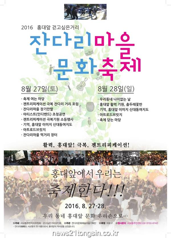 마포구(구청장 박홍섭)가 젊은이들로 활력이 넘치는 홍대앞 걷고싶은거리에서 8월 마지막 주말, 서교동 주민과 상인 및 문화예술인들이 협력해 ‘2016 잔다리마을 문화축제’를 개최한다고 밝혔다.
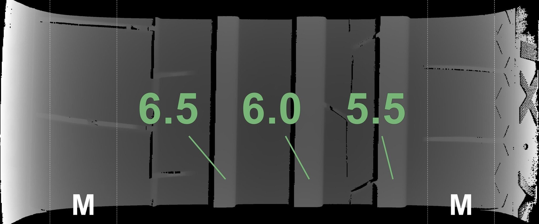 Die gemessenen Profiltiefen und Details zu den Felgen sind oben abgebildet.
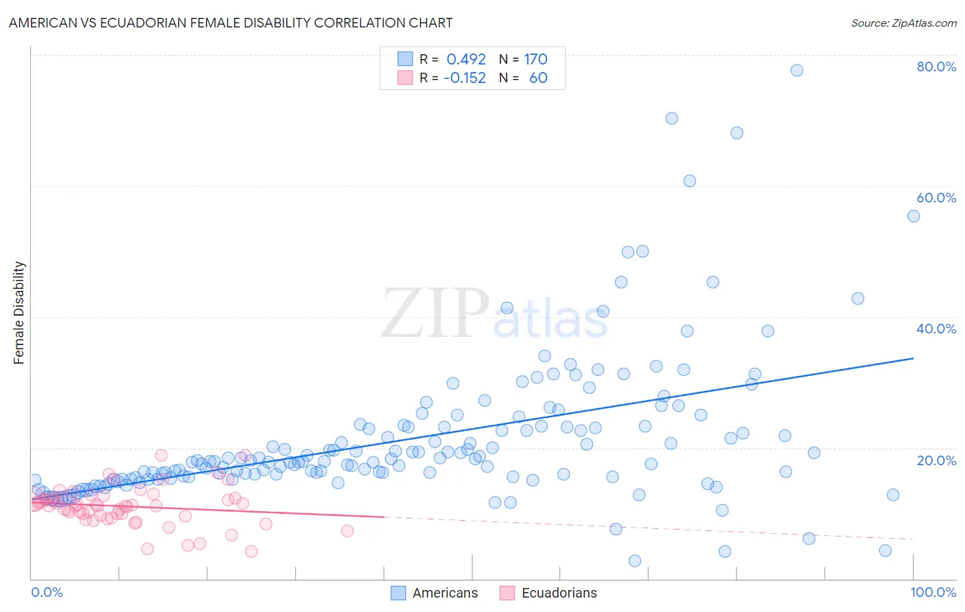 The statistical analysis conducted on geographies consisting of 581,542,152 people shows a moderate positive correlation between the proportion of Americans and percentage of females with a disability in the United States with a correlation coefficient (R) of 0.492 and weighted average of 14.1%. Similarly, the statistical analysis conducted on geographies consisting of 317,804,285 people shows a poor negative correlation between the proportion of Ecuadorians and percentage of females with a disability in the United States with a correlation coefficient (R) of -0.152 and weighted average of 11.9%, a difference of 18.5%.
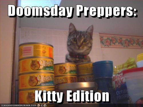 3. That cat in the Doomsday Preppers: Kitty Edition picture is definitely ready with all of those cans of cat food. It won’t have to catch its own food. Instead, I guess the cat expects its human servant to open the cans and feed it.
____
Omit the images; transcribe the listing verbatim.

 마포구(구청장 박홍섭)가 젊은이들로 활력이 넘치는 홍대앞 걷고싶은거리에서 8월 마지막 주말, 서교동 주민과 상인 및 문화예술인들이 협력해 ‘2016 잔다리마을 문화축제’를 개최한다고 밝혔다.
 Die gemessenen Profiltiefen und Details zu den Felgen sind oben abgebildet.
 The statistical analysis conducted on geographies consisting of 581,542,152 people shows a moderate positive correlation between the proportion of Americans and percentage of females with a disability in the United States with a correlation coefficient (R) of 0.492 and weighted average of 14.1%. Similarly, the statistical analysis conducted on geographies consisting of 317,804,285 people shows a poor negative correlation between the proportion of Ecuadorians and percentage of females with a disability in the United States with a correlation coefficient (R) of -0.152 and weighted average of 11.9%, a difference of 18.5%.
 3. That cat in the Doomsday Preppers: Kitty Edition picture is definitely ready with all of those cans of cat food. It won’t have to catch its own food. Instead, I guess the cat expects its human servant to open the cans and feed it.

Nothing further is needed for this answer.